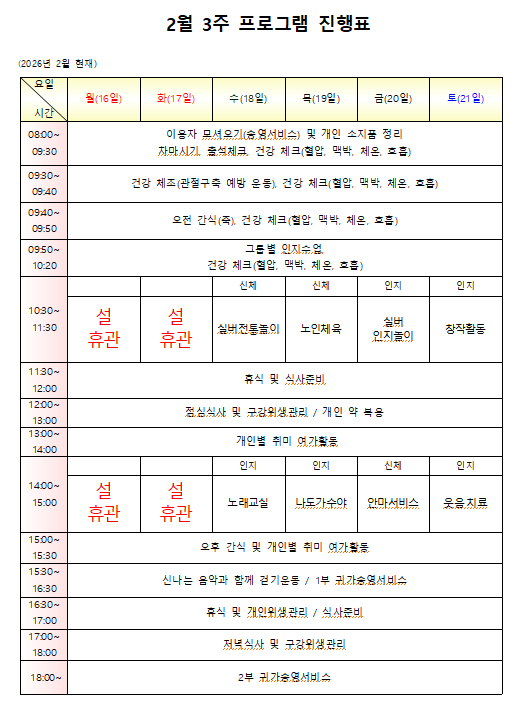 26년 2월 3주 활동계획
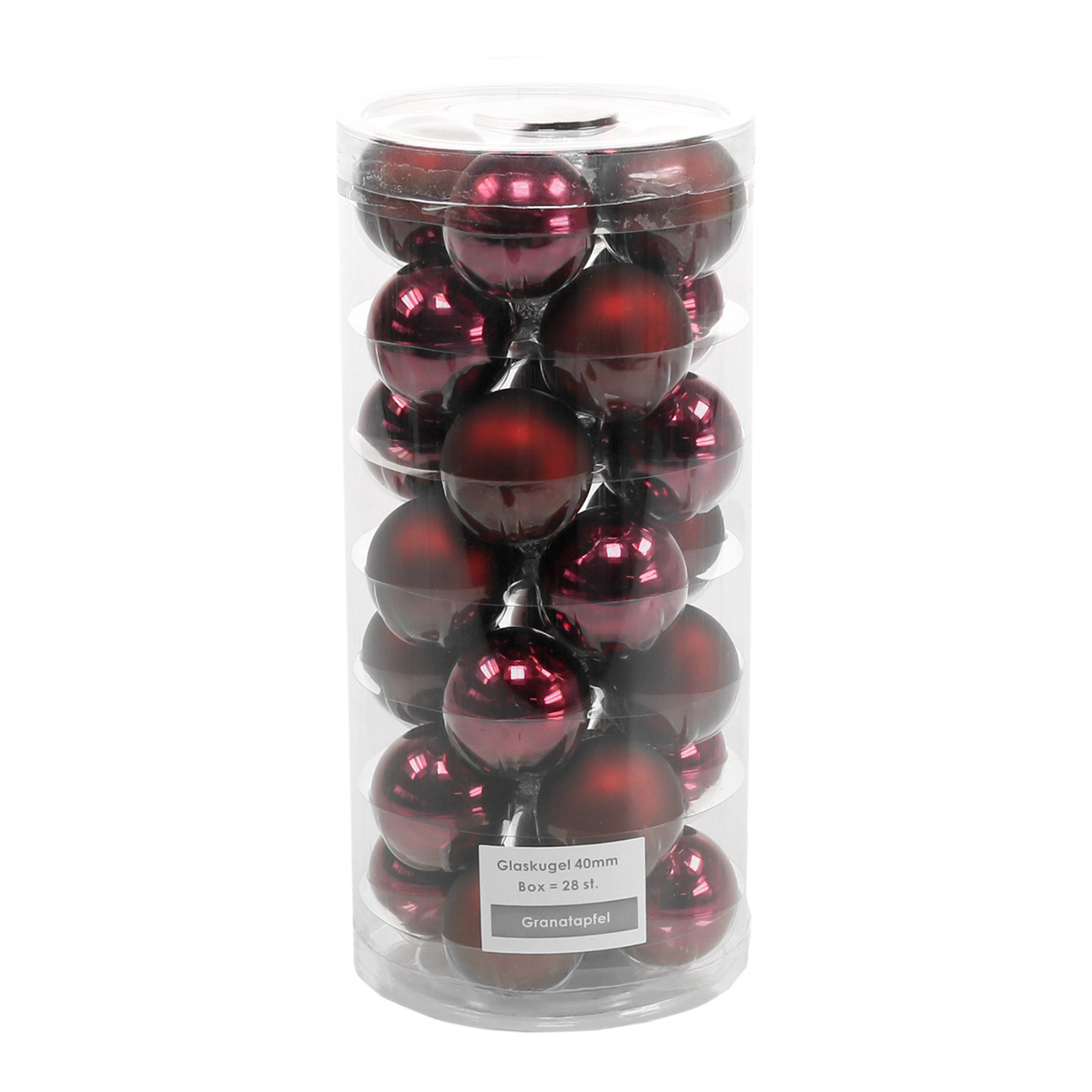 Łącznie 28 bombek choinkowych w kolorach granatu i różu otrzymujesz w okrągłym plastikowym pudełku, w którym zawsze możesz schować szklane bombki po użyciu do bezpiecznego przechowywania. Ozdoby choinkowe są zróżnicowane, więc dostajesz 14 sztuk w każdym z dwóch kolorów. Średnica wynosi około 4 centymetrów. Łącznie z zawieszeniem, kule osiągają wysokość ok. 5,3 cm.
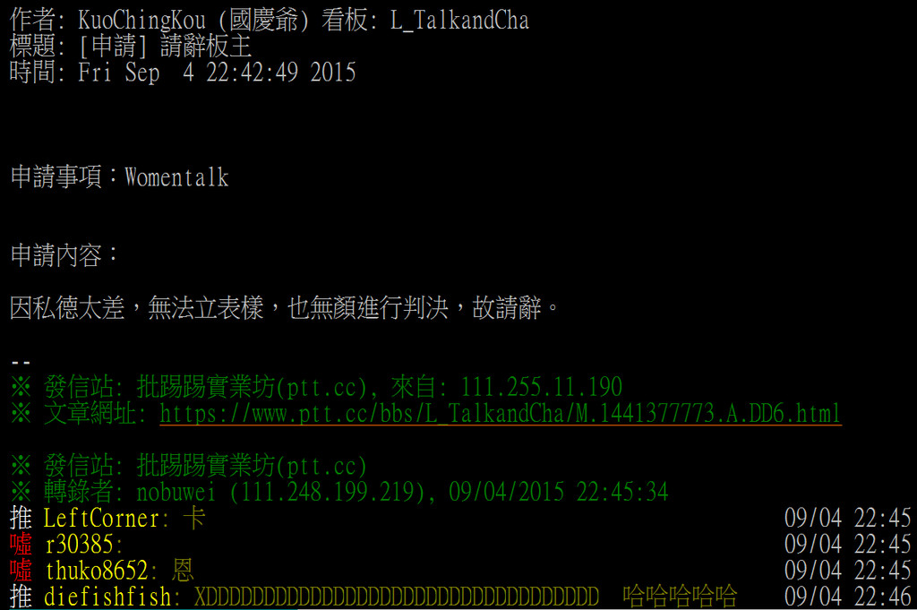 ▲女孩板板主國慶爺自稱「私德太差」請辭。(圖/翻攝自PTT)
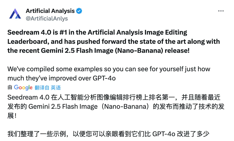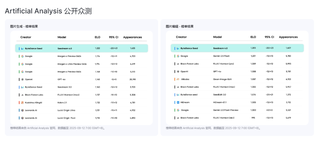 专业评测数据印证了其行业地位:在国际权威机构Artificial Analysis的「文生图」和「图像编辑」榜单中,Seedream 4.0一举拿下双榜首,超越谷歌Gemini 2.5 Flash(Nano Banana)等国际大厂产品。
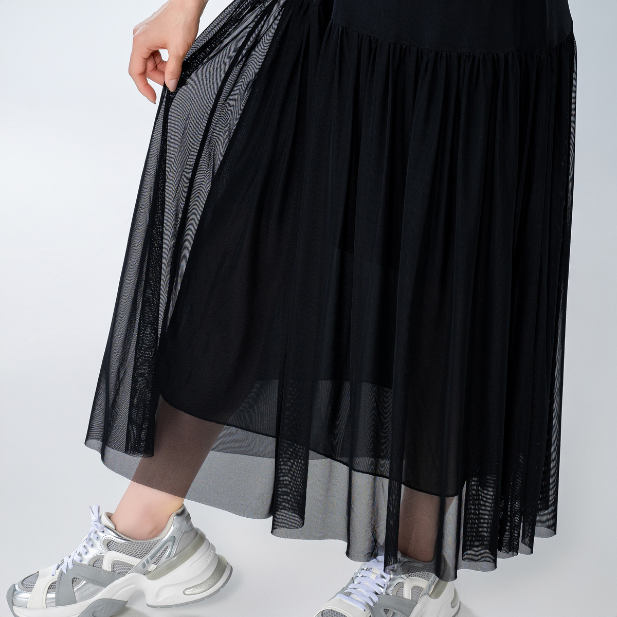 チュールが上質で柔らかく、生地・フォルム・軽さ、全部良かったです。先生のオススメ通り、同時にご紹介があったシアーのトップスと重ね着したら本当にカッコ可愛いかった。優勝です。
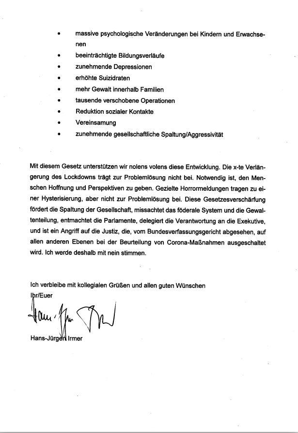 13.04.21 Hans Jürgen #Irmer (#CDU) schreibt einen Brandbrief an seine Franktion gegen eine erneute Novelle des #IfSG. "Föderales System wird ad absurdum geführt." #Bundesnotbremse
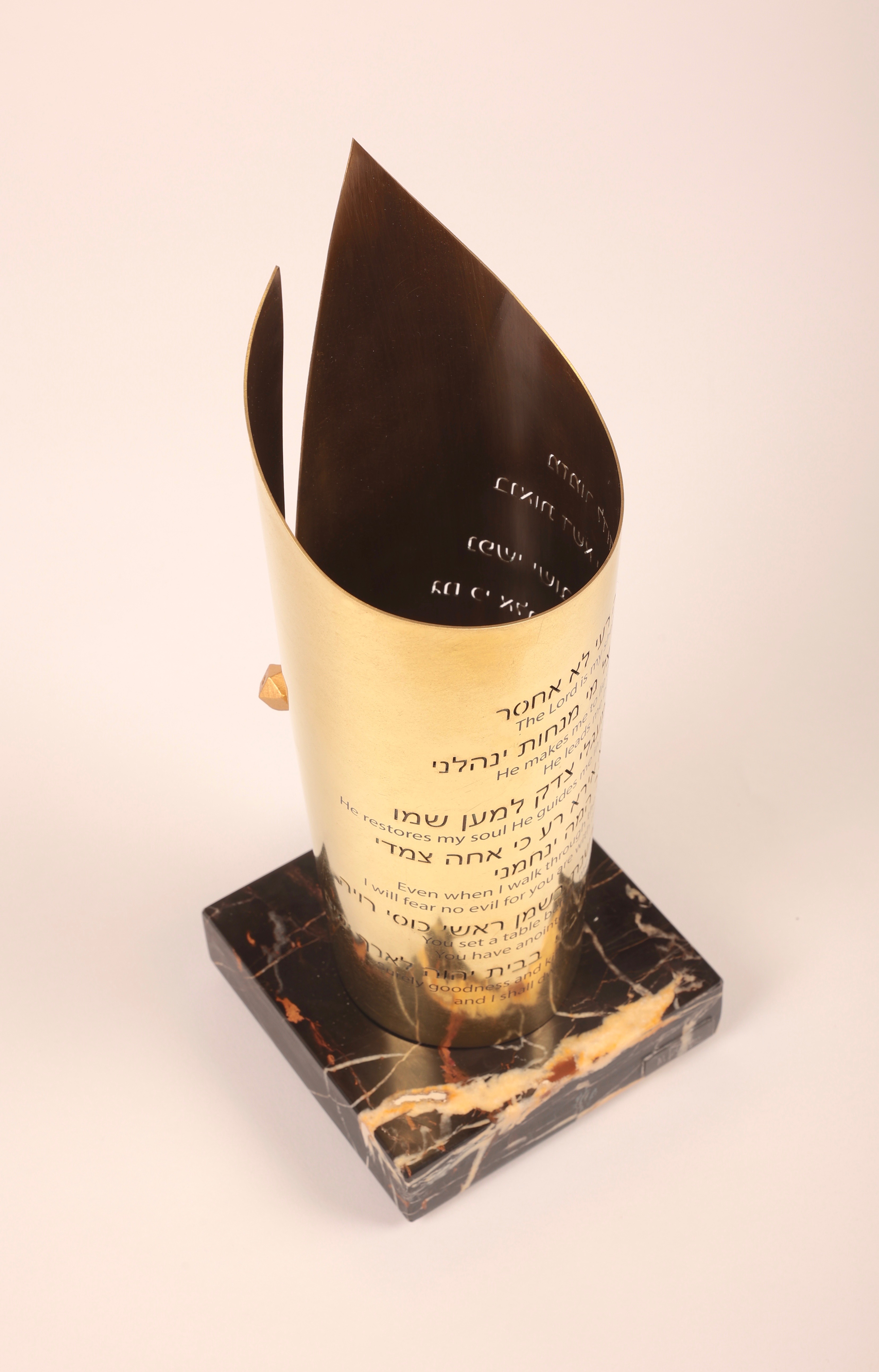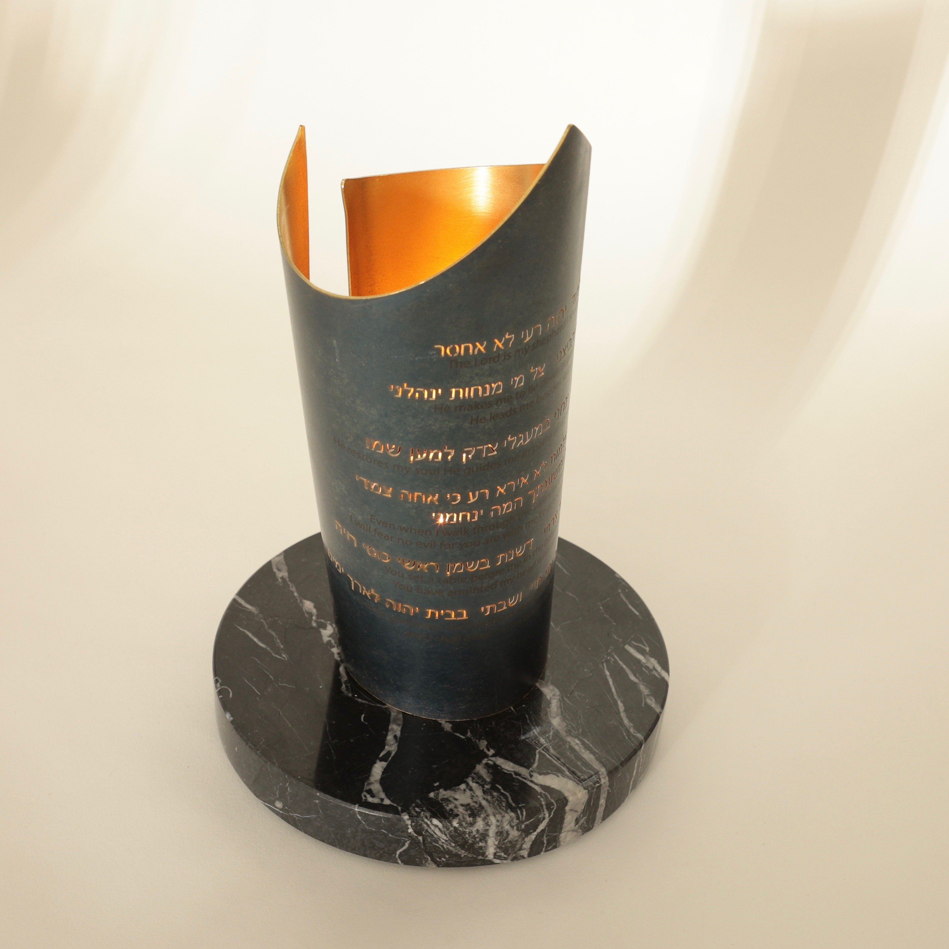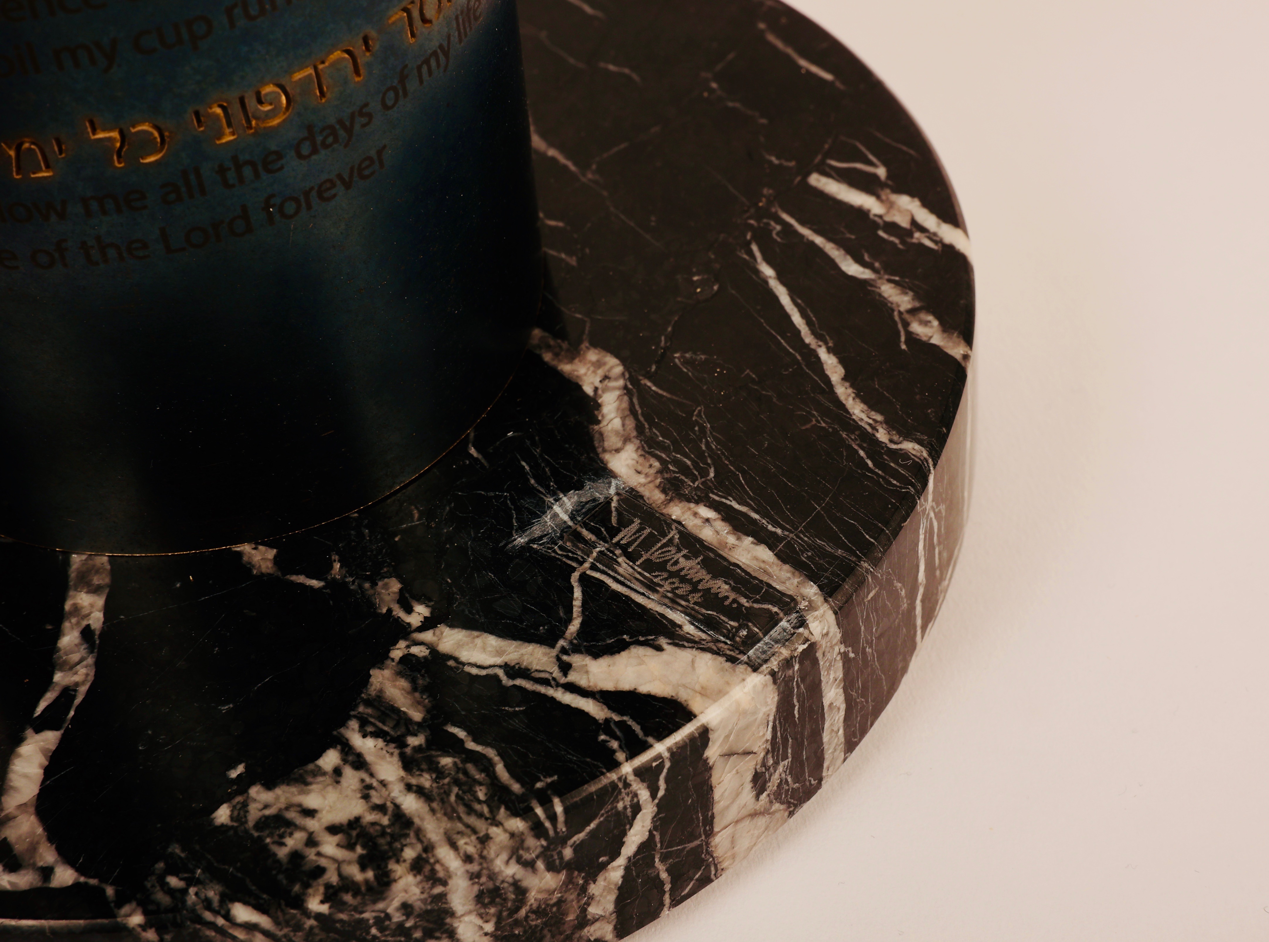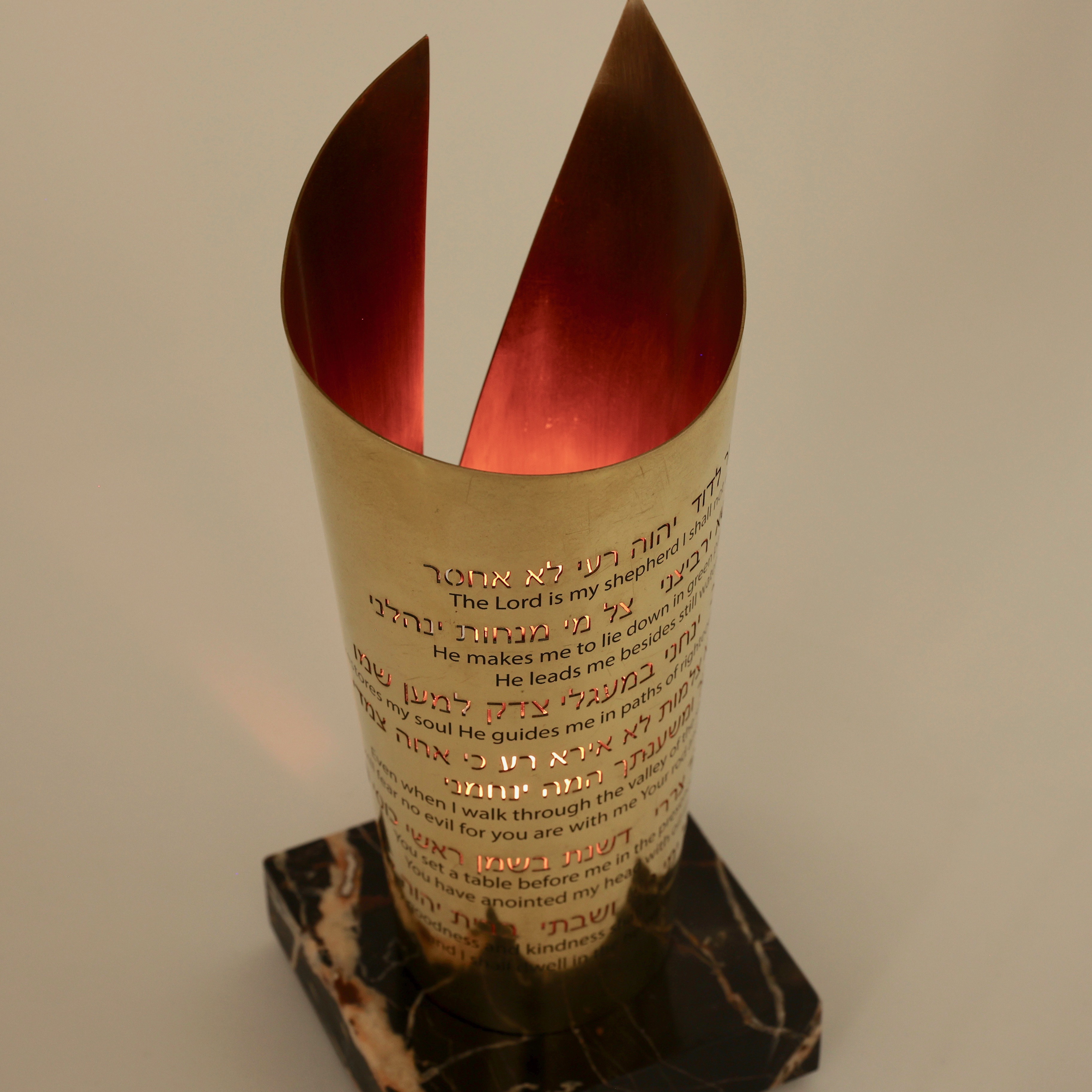 The uniquely patinated brass flame is pierced with Psalm 23 which also has an engraved English translation. The candle light glows through the piercing and is reflected in the hand polished interior. The flame sits on a polished Nero Marquina marble base.

### About this exercise
Return, unchanged, the lines from the first line of the material through the line that holds "2.5 Flash(Nano Banana)等国际大厂产品。", inclusive, omitting pictures.

### Written solution
 26년 2월 3주 활동계획
 Łącznie 28 bombek choinkowych w kolorach granatu i różu otrzymujesz w okrągłym plastikowym pudełku, w którym zawsze możesz schować szklane bombki po użyciu do bezpiecznego przechowywania. Ozdoby choinkowe są zróżnicowane, więc dostajesz 14 sztuk w każdym z dwóch kolorów. Średnica wynosi około 4 centymetrów. Łącznie z zawieszeniem, kule osiągają wysokość ok. 5,3 cm.
 ▲女孩板板主國慶爺自稱「私德太差」請辭。(圖/翻攝自PTT)
 专业评测数据印证了其行业地位:在国际权威机构Artificial Analysis的「文生图」和「图像编辑」榜单中,Seedream 4.0一举拿下双榜首,超越谷歌Gemini 2.5 Flash(Nano Banana)等国际大厂产品。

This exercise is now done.